So: C12H22O11 + 35/2 O2 ------------------> 12 CO2 + 11 H2O

Now 2.90 mol the CO2 is same to 2.90 / 44.01 g/mol = 0.06589 mol


According to the equation the quantity of sugar the will develop that variety of moles is 1/12 of the number of moles that CO2.

So street is 1/12 x 0.06589 = 0.0054911 mol of sugar.

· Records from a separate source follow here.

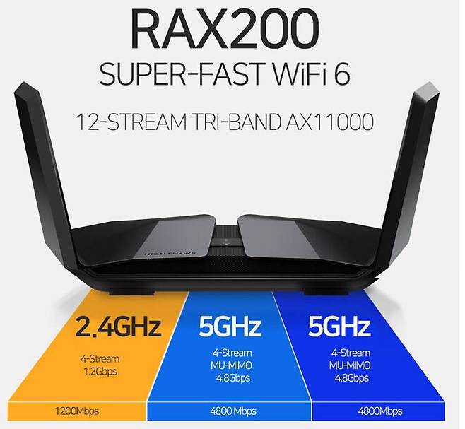 먼저 넷기어 RAX200은 굉장히 막강한 WiFi 성능을 보장해준다. WiFi 6를 기반으로한 AX는 물론이거니와 이를 바탕으로 2.4GHz 대역폭에서는 1.2Gbps(4,800Mbps)의 성능을 제공하며, 5GHz 대역폭에서는 최대 4.8GHz(4,800Gbps)의 대역폭을 갖고 있다.
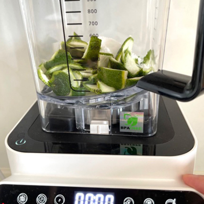 ②柚子の皮をむいて細かくカット
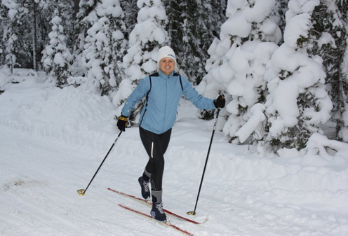 Under vinterhalvåret tänker jag utnyttja snön så mycket som möjligt och åka längdskidor. Det är verkligen en superbra träningsform där du tränar kondition och styrka för ben, rygg, armar, axlar, bål. Väldigt bra fettförbränningsträning är det också då pulsen normalt är något lägre än vid löpning, men högre än vid en promenad.
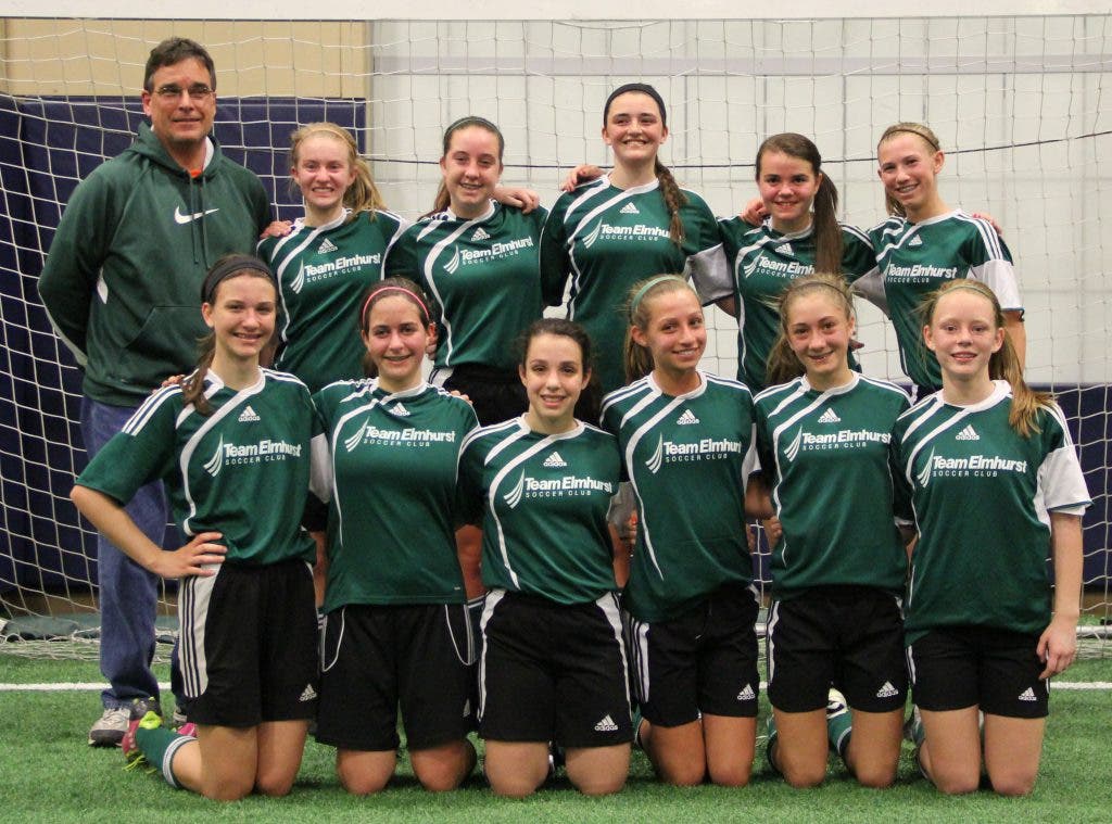 The Team Elmhurst U14 girls won the Glen Ellyn Park District Indoor Soccer Championship 6-0 over Club Synergy on Saturday, April 7. Both teams met previously in winter league play, resulting in a tie and a 2-1 win for Elmhurst. Elmhurst also finished the indoor season undefeated.

The massive of that sugar is 0.0054911 mol x 342.34 g/mol = 1.88 g

So out of the sample that the mixture 1.88 g of it was sugar. That leaves 4.50 - 1.88 = 2.62 g of salt

So the mass percent that salt in the mixture would be 2.62 / 4.50 all x 100 = 58.2%


Jamian"s answer is correct because that the most part, however to complete the problem and find the fixed percent, you actually subtract the mass of NaCl (2.14g) indigenous the original sample, 5.50g. Mass of NaCl in mixture: 5.50g - 2.14g = 3.36g NaCl in sample To find mass percent, just divide (3.36g NaCl)/(5.50g full mass the sample) = 0.6109 so the fixed % of NaCl in the mixture is 61.09%.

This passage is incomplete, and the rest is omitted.